# 1 Introduction

Over the past decade, advances in single-cell RNA-sequencing (scRNA-seq) technologies have significantly increased the sensitivity and specificity with which cellular transcriptional dynamics can be analyzed. Further, parallel increases in the number cells which can be simultaneously sequenced have allowed for novel analysis pipelines including the description of transcriptional trajectories and the discovery of rare sub-populations of cells. The development of droplet-based, unique-molecular-identifier (UMI) protocols such as Drop-seq, inDrop, and the 10x Genomics Chromium platform have significantly contributed to these advances. In particular, the commercially available 10x Genomics platform has allowed the rapid and cost effective gene expression profiling of hundreds to tens of thousands of cells across many studies to date. The use of UMIs in the 10x Genomics and related platforms has augmented these developments in sequencing technology by tagging individual mRNA transcripts with unique cell and transcript specific identifiers. In this way, biases due to transcript length and PCR amplification have been significantly reduced. However, technical variability in sequencing depth remains and, consequently, normalization to adjust for sequencing depth is required to ensure accurate downstream analyses. To address this, we introduce Dino and Dino, its corresponding R package.

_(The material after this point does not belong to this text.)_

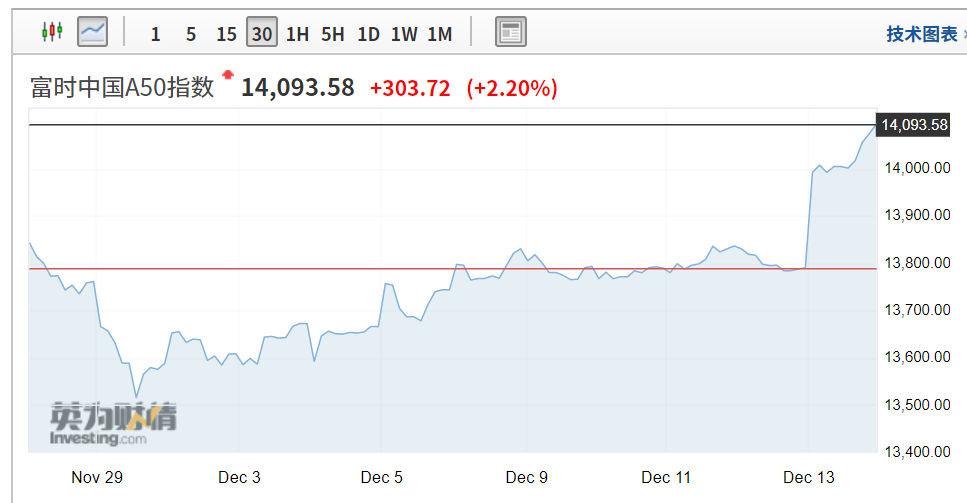 此外,欧洲股市也全面开花,英法德三国股市均上涨近1%。美股短线拉升的同时,离岸人民币跳涨300点。富时中国A50指数期货也短线上涨0.35%。
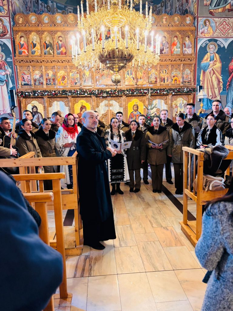 Deși evenimentul s-a desfășurat în apropierea sediului Primăriei comunei, corul elevilor militari a dus în Biserica de jos vestea Nașterii Mântuitorului Iisus Hristos, transformând lăcașul de cult într-un spațiu plin de emoție și lumină.

Dino utilizes a flexible mixture of Negative Binomials model of gene expression to reconstruct full gene-specific expression distributions which are independent of sequencing depth. By giving exact zeros positive probability, the Negative Binomial components are applicable to shallow sequencing (high proportions of zeros). Additionally, the mixture component is robust to cell heterogeneity as it accommodates multiple centers of gene expression in the distribution. By directly modeling (possibly heterogenous) gene-specific expression distributions, Dino outperforms competing approaches, especially for datasets in which the proportion of zeros is high as is typical for modern, UMI based protocols.

Dino does not attempt to correct for batch or other sample specific effects, and will only do so to the extent that they are correlated with sequencing depth. In situations where batch effects are expected, downstream analysis may benefit from such accommodations.

# 2 Quick Start

## 2.1 Installation

To install Dino from Github, run

devtools::install_github('JBrownBiostat/Dino')

## 2.2 All-in-one function

Dino (function) is an all-in-one function to normalize raw UMI count data from 10X Cell Ranger or similar protocols. Under default options, Dino outputs a sparse matrix of normalized expression. SeuratFromDino provides one-line functionality to return a Seurat object from raw UMI counts or from a previously normalized expression matrix.

library(Dino)

# Return a sparse matrix of normalized expression
Norm_Mat <- Dino(UMI_Mat)

# Return a Seurat object from already normalized expression
# Use un-transformed normalized expression
Norm_Seurat <- SeuratFromDino(Norm_Mat, doNorm = FALSE, doLog = FALSE)

# Return a Seurat object from UMI expression
# Transform normalized expression as log(x + 1) to improve
# some types of downstream analysis
Norm_Seurat <- SeuratFromDino(UMI_Mat)

# 3 Detailed steps

To facilitate concrete examples, we demonstrate normalization on a small subset of sequencing data from about 3,000 peripheral blood mononuclear cells (PBMCs) published by 10X Genomics. This dataset, named pbmcSmall contains 200 cells and 1,000 genes and is included with the Dino package.

set.seed(1)

# Bring pbmcSmall into R environment
library(Dino)
library(Seurat)
library(Matrix)
data("pbmcSmall")
print(dim(pbmcSmall))
## [1] 1000  200

While Dino was developed to normalize UMI count data, it will run on any matrix of non-negative expression data; user caution is advised if applying Dino to non-UMI sequencing protocols. Input formats may be sparse or dense matrices of expression with genes (features) on the rows and cells (samples) on the columns.

## 3.2 Clean UMI data

While Dino can normalize the pbmcSmall dataset as it currently exists, the resulting normalized matrix, and in particular, downstream analysis are likely to be improved by cleaning the data. Of greatest use is removing genes that are expected not to contain useful information. This set of genes may be case dependent, but a good rule of thumb for UMI protocols is to remove genes lacking a minimum of non-zero expression prior to normalization and analysis.

By default, Dino will not perform the resampling algorithm on any genes without at least 10 non-zero samples, and will rather normalize such genes by scaling with sequencing depth. To demonstrate a stricter threshold, we remove genes lacking at least 20 non-zero samples prior to normalization.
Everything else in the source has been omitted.